The main issue with this process is that it’s always running on your computer (if you have Java installed on it), and while it is running, it will use system resources, which can be an issue, depending on the specifications of your computer.
Fortunately, there is an alternative to using this tool, which is the Windows Scheduler, this feature is built into Windows and is designed for tasks such as this. The very nature of jusched.exe, checking for updates just once per month, means its task is noncritical.
While it is very intelligent on your part to ensure all your programs, especially ones as important as Java are kept up to do, to prevent issues such as malicious attacks, programs like Java are updated only a couple of times per year and thus, can be scheduled in a way that is more efficient for your computer, especially if you don’t have a particularly fast computer.
The Java Scheduler can be configured to look for new updates every day, week or month. By default it’s configured on a per month basis, which is why it makes very little sense to have it slowing down your system, wasting resources when it’s not doing anything.

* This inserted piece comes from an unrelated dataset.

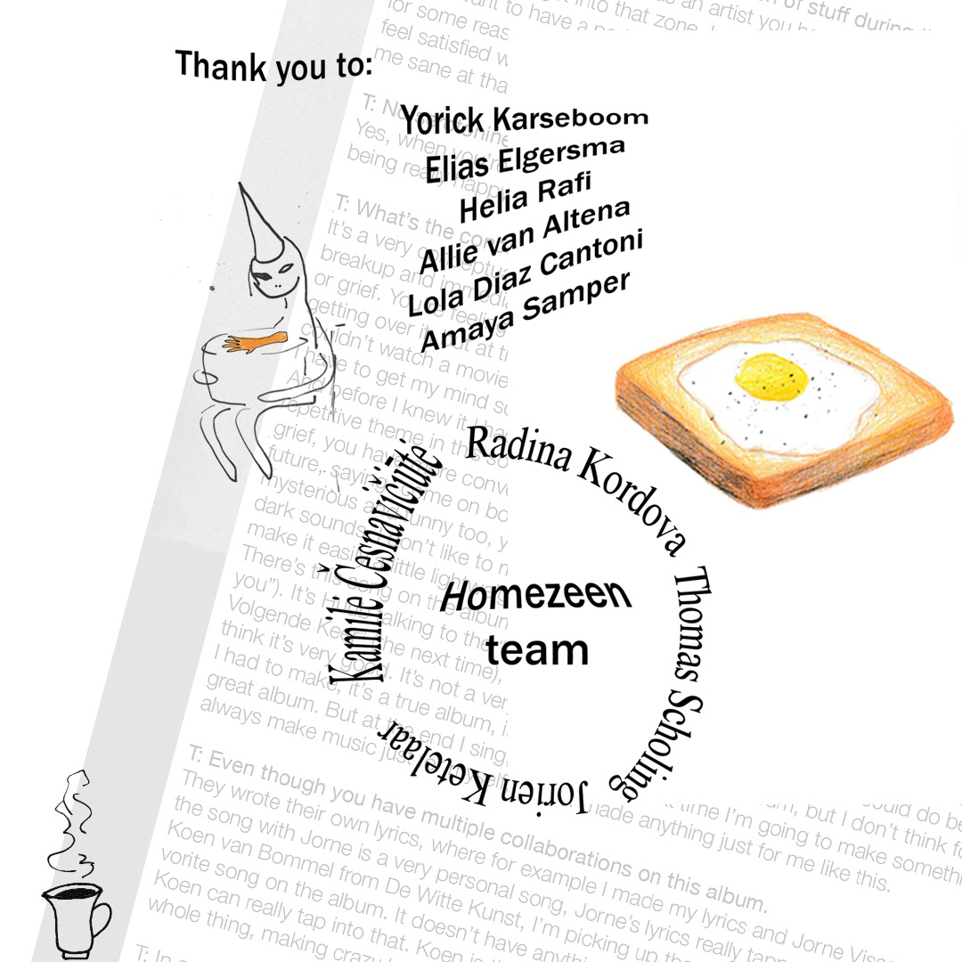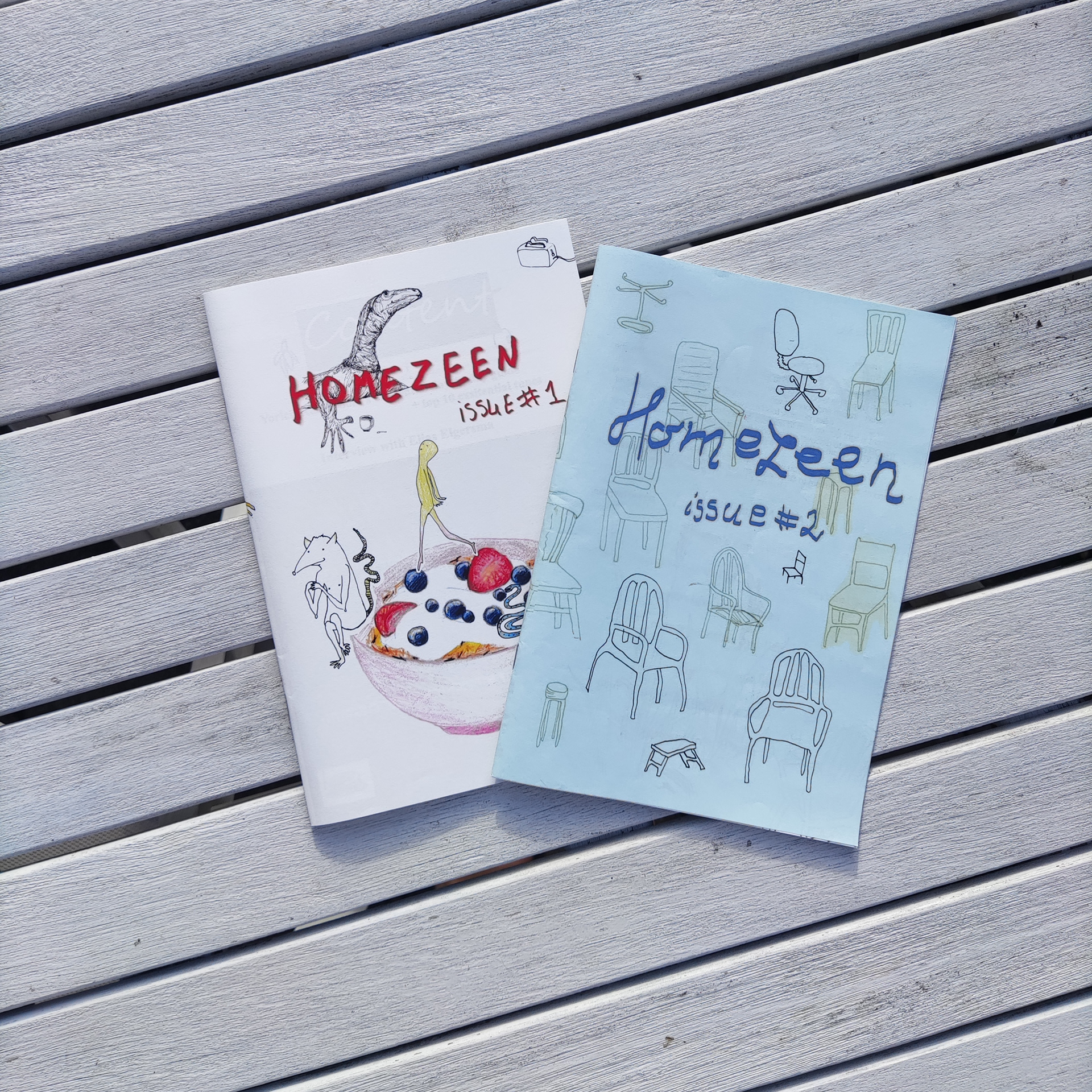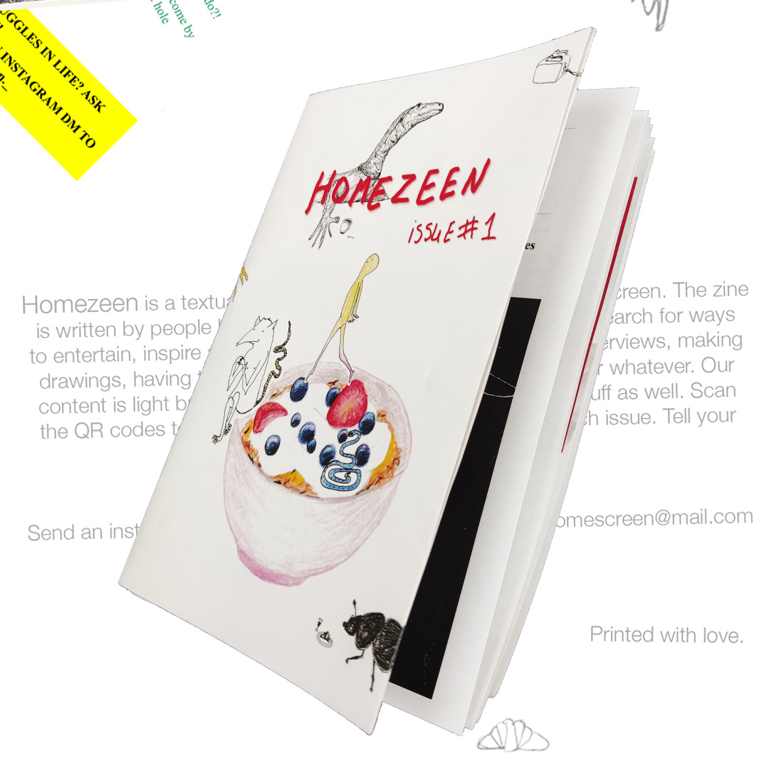 "A zine for your eyes to look at besides the screens weโve grown to be more and more attached to, especially during this pandemic. Homezeen searches for ways to entertain, inspire, and connect ourselves and our readers by holding interviews and talks, making drawings, and puzzles, sharing recipes, making music, and whatever. It is a physical extension of the online art space Homescreen on Instagram, where many artists and musicians were featured. Now Homezeen wants to keep close to home and focus on checking in on the community in and around our hometown of Groningen, the Netherlands. The first edition of the zine contains interviews with musician Elias Elgersma, artist Allie van Altena, artist Helia Rafi, and various contributions from people in our community. "

That said you should be able to see this process running in Windows Task Manager, by right clicking on the Taskbar and selecting Start Task Manager. On the Processes Tab, you will be able to find the process and references to the Java Application in the description:
The amount of memory that it uses, tends to be quite small, on average, although there are those circumstances when users report the process using in excess of 4MB, which is quite significant for a process that just sits there and does nothing.
Dangers of Jusched.exe
Given the reality of using our computer systems, it’s not uncommon for computer hackers to create malicious files and give them the file name of legitimate processes on your computer. I’ve written quite extensively on this in the past, on posts such as Quickset.exe.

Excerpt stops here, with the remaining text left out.